В деревне Облесье, неизвестно почему так называвшейся, – стояла она как раз среди самой дремучей тайги, провалившись на дно горной котловины, – была почта, дня через четыре Савчук съездил туда на верховой лошади, позвонил Нечаеву, объяснил директору завода, что тут, на месте, исходя из условий, он принял несколько иное решение, а распиловку бревен на доски прекратил.
– Ну что ж, пожалуй, пожалуй, – глуховато покашливая, произнес Нечаев. – Тебе на месте виднее.
– Не мне, Филату Филатычу. Любопытный старикан. Вяжет плоты каким-то известным ему только способом, материт всех остервенело… Позавчера на ночь уехал куда-то. «Погляжу, говорит, чем белки дышат». Прилетел вчера к обеду, загнав лошаденку, заматерился еще яростнее. Через неделю, утверждает, вода поднимется. Надо как-то нам бы его… премировать побогаче.
– Сделаем. Как вообще-то там?
– Лесу достаточно навалили. Успеть бы плоты сколотить. Я уж почти половину людей по требованию Филата Филатыча ему отдал. А у вас как?
– Все нормально. Слушай, ты что с моей секретаршей сделал?

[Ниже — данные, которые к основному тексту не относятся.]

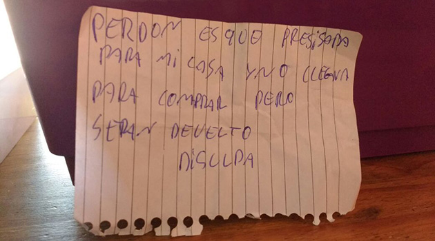 Al abrirlo, se encontró con una nota tan reveladora como insólita: “Perdón es que presisaba para mi casa y no llegava para comprar pero serán devuelto Disculpa (sic)”, eran las palabras textuales del ladrón, confesando el delito y disculpándose con las víctimas.

– То есть? – не понял сразу Савчук.
– Чуть с ума она не сходит все эти дни. В Москву было кинулась… «Обрекаешь, говорю, меня на смерть ты, как я тут без тебя? Дай отцу телеграмму, письмо напиши… Теперь-то уж нашли друг друга».
– А-а, – сказал Савчук. – А это точно его дочь?
– Здравствуйте… Чья ж еще? Сегодня она с ним по телефону говорила.
– Он позвонил?
– Да нет, мы отсюда Наркомат вызвали.
Возвращаясь из Облесья, Савчук думал о состоявшемся разговоре с директором. Голос у Нечаева вроде бодрый, покашливает только. Значит, оправился после того жестокого приступа в кабинете у Кружилина. С недоумением размышлял о Наташе Мироновой, вернее, о ее отце-генерале. Это был еще не старый, только очень измученный, кажется, язвенной болезнью человек. На лице его выделялись брови, не очень густые, но разметистые. Глянув на эти брови, Савчук вспомнил, что и у Наташи такие же, и сразу подумал: не он ли ее отец?
– Простите, Александр Викторович, у вас нет… дочери Натальи?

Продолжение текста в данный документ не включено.